▶ **PROVIDED RECORDS**
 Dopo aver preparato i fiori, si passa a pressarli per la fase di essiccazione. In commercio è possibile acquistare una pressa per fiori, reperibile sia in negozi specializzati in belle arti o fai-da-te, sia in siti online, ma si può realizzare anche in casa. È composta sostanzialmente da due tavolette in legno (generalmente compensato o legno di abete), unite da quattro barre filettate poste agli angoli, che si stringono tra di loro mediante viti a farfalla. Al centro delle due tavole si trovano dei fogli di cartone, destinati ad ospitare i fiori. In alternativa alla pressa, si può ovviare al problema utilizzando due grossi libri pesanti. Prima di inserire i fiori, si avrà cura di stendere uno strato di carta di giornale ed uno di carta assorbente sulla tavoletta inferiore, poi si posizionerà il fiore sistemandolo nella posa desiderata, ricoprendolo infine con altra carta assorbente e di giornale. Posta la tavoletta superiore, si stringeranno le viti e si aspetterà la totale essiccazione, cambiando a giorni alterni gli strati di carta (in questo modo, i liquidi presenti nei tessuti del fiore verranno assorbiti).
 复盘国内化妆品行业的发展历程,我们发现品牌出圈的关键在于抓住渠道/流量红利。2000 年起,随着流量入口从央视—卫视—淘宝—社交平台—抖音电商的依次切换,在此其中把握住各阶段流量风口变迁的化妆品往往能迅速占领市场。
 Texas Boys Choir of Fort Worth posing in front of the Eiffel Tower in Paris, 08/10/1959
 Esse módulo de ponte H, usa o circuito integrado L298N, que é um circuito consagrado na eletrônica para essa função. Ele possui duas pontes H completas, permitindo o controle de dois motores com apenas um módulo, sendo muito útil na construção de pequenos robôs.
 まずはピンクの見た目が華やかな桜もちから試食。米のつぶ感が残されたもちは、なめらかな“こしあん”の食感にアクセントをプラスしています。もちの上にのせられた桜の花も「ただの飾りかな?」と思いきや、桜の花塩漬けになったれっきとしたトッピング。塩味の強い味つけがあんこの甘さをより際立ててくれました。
* * *
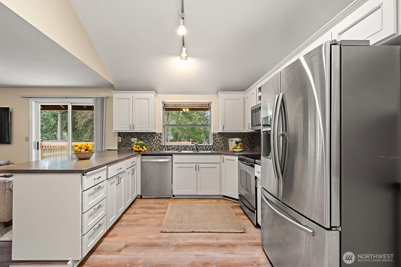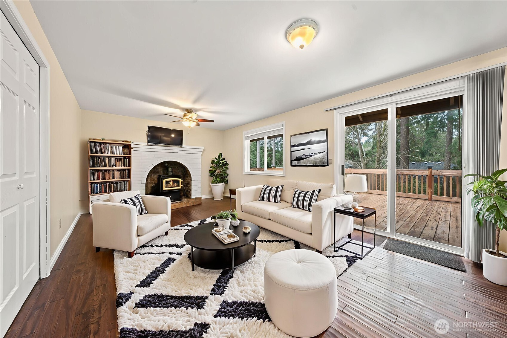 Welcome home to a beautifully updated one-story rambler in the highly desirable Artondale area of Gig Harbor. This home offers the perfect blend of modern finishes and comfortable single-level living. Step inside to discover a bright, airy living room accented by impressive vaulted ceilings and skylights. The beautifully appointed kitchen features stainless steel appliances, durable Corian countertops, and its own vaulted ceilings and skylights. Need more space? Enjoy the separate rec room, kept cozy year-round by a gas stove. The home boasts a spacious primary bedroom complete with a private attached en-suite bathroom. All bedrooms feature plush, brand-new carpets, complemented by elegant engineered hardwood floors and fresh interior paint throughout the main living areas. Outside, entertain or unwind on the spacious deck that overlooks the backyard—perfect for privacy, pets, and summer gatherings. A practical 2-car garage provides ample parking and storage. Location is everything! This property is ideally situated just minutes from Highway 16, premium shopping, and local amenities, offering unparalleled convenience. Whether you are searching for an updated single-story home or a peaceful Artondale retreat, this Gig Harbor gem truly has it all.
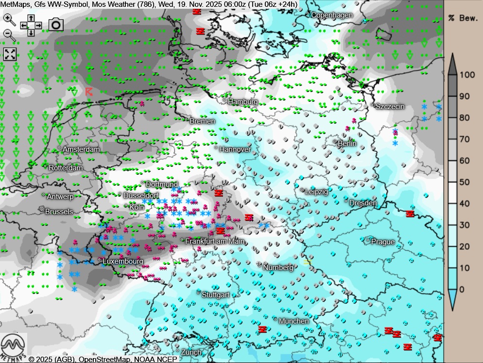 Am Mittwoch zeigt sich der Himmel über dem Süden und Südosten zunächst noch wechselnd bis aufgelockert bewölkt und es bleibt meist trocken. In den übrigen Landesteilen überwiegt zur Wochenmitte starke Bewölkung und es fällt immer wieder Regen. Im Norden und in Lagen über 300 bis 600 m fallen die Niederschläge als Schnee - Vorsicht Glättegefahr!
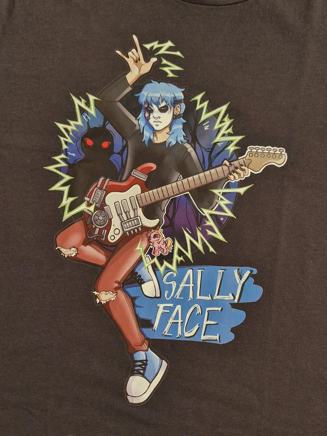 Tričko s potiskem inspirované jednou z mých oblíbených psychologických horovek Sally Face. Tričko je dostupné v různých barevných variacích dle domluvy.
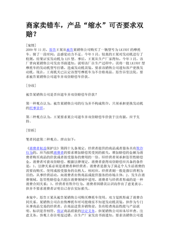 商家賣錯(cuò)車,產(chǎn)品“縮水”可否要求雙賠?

▶ **WHAT IS EXPECTED**
Beginning with the line holding "Esse módulo de" and ending with the line holding "まずはピンクの見た目が華やか", write out the stretch of material above exactly; add no further lines.

▶ **REPLY TO THE EXERCISE**
 Esse módulo de ponte H, usa o circuito integrado L298N, que é um circuito consagrado na eletrônica para essa função. Ele possui duas pontes H completas, permitindo o controle de dois motores com apenas um módulo, sendo muito útil na construção de pequenos robôs.
 まずはピンクの見た目が華やかな桜もちから試食。米のつぶ感が残されたもちは、なめらかな“こしあん”の食感にアクセントをプラスしています。もちの上にのせられた桜の花も「ただの飾りかな?」と思いきや、桜の花塩漬けになったれっきとしたトッピング。塩味の強い味つけがあんこの甘さをより際立ててくれました。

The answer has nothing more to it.